Crypto news

21.06.2026
22:30

Bitcoin volatility, cryptocurrency recognition in Russia, and EU regulatory pressure: weekly recap

Weekly Summary

The past week on the crypto market was eventful, although the first cryptocurrency did not show a significant price change over the seven-day period. The main themes were sharp but short-term bitcoin fluctuations against a geopolitical backdrop, an important legal recognition in Russia, and a stern reminder from the European regulator about the imminent entry into force of new rules of the game.

Bitcoin: A Rollercoaster Ride Without a Change in Final Price

The week began with confident growth: from levels near $64,000, the rate soared to a local high of $67,278. The catalyst was news of a potential truce between the US and Iran, which instilled optimism in the risky asset market. However, the joy was short-lived. The market quickly realized the fragility of the agreements, and additional pressure came from fundamental bearish factors, particularly weak institutional demand.

After the Federal Reserve meeting, which kept the rate at 3.5-3.75% and hinted at a possible hike, bitcoin broke through the $64,000 support. By Friday, amid new uncertainty in the Middle East, the price fell to $62,000. However, the weekend brought a rebound: the American delegation did go to negotiations, and cheaper oil redirected capital into cryptocurrencies, returning bitcoin to just above $64,000.

As a result, the week closed with virtually no change in BTC price. This allowed altcoins to show more impressive dynamics: Solana gained 8.6%, Ethereum — 3.5%, and the Hyperliquid token rose nearly 12%. Against this backdrop, the Fear and Greed Index rose slightly — from 18 to 23 points — but still remains in the "extreme fear" zone, indicating continued high market nervousness.

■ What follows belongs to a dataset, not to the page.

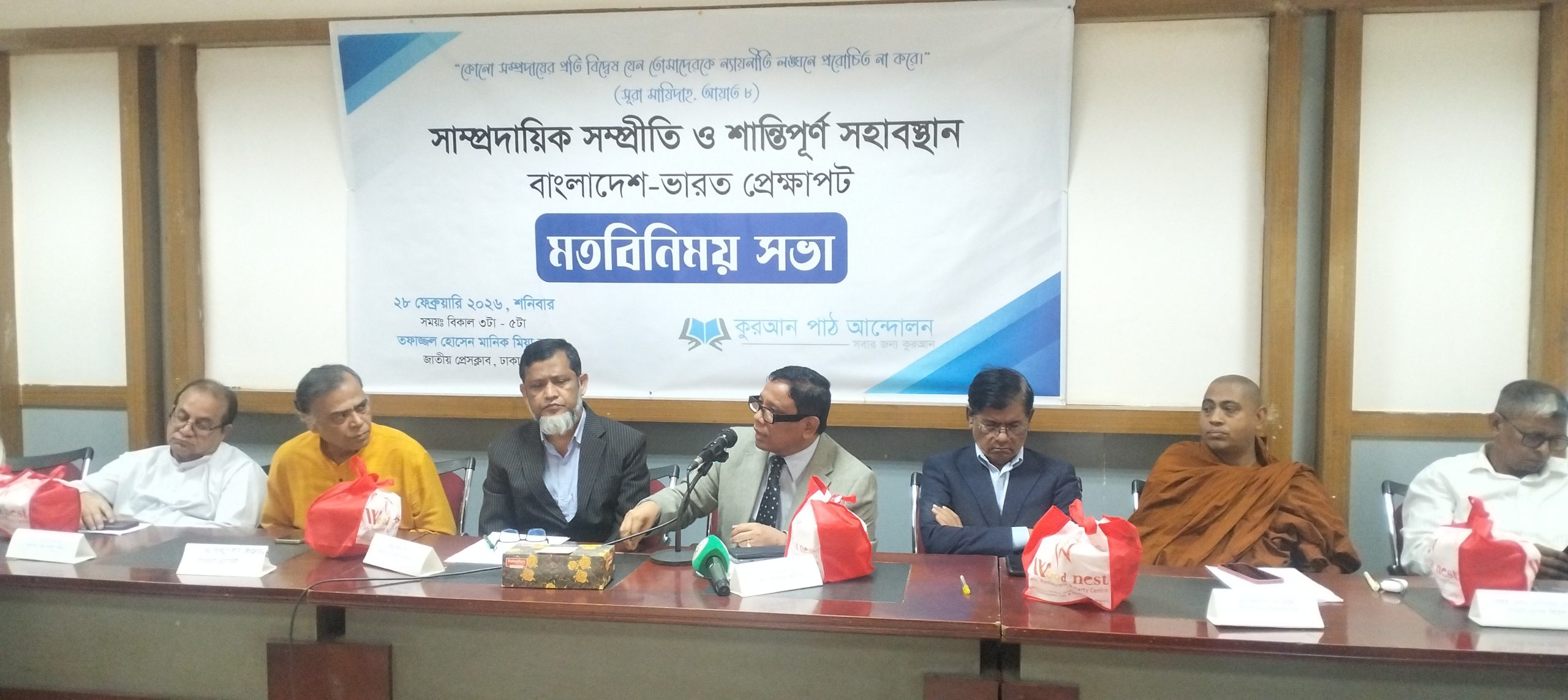 নুরুউল্লাহ হাওলাদার সবুজ, ঢাকা: কুরআন পাঠ আন্দোলন-এর আয়োজনে 'সাম্প্রদায়িক সম্প্রীতি ও শান্তিপূর্ণ সহাবস্থান: বাংলাদেশ-ভারত প্রেক্ষাপট' শীর্ষক একটি মতবিনিময় সভা অনুষ্ঠিত হয় আজ ২৮ ফ্রেব্রুয়ারি ২০২৬ শনিবার বিকেল ৩ টায় জাতীয় প্রেসক্লাবের তোফাজ্জল হোসেন মানিক মিয়া হলে।
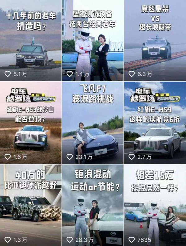据卡思观测,@玩车报告 在抖音发布的视频作品包含了“极限测评”“大事件”“原创试驾”“情怀老车”等多个板块,在这之中,以“极限测评”和“大事件”两个内容系列最为突出。

Russia: Cryptocurrency Recognized as an Object of Theft

The key event for the Russian jurisdiction was the decision of the Plenum of the Supreme Court of the Russian Federation. On June 16, amendments were made to the 2002 ruling on judicial practice in cases of theft, robbery, and assault. The list of objects of theft officially includes digital rubles, digital rights, and, most importantly, digital currency.

This decision has far-reaching consequences. It clearly defines the legal status of cryptocurrency for the purposes of criminal prosecution, equating it with traditional property. The court also clarified that the theft of non-cash funds is considered completed at the moment the money is debited from the victim's account. This is an important step towards forming a uniform law enforcement practice, which will undoubtedly affect the work of law enforcement agencies.

Europe Tightens the Screws: MiCA in Action

The European regulator ESMA reminded crypto companies of a strict deadline: from July 1, all service providers without a MiCA license must cease servicing clients from the EU. The regulator requires advance preparation of plans for winding down business, which effectively means blocking accounts for users of unlicensed exchanges.

According to estimates, only 194 companies out of approximately 3,000 previously operating in the region had received official permission by May. It is expected that about 75% of old platforms will leave the European market. This means a massive "cleanup" is coming that will affect millions of users, and they should take care in advance to withdraw funds from unprepared platforms.

Expert Opinion

The week clearly demonstrated that the market remains extremely sensitive to geopolitical signals, while fundamental factors such as ETF outflows and Fed macroeconomic policy exert more sustained pressure. The recognition of cryptocurrency as an object of theft in Russia is a double-edged sword: on the one hand, it increases investor protection; on the other, it creates a basis for tightening control. And the European market is entering a new era that will likely reduce the number of available services but increase requirements for their reliability.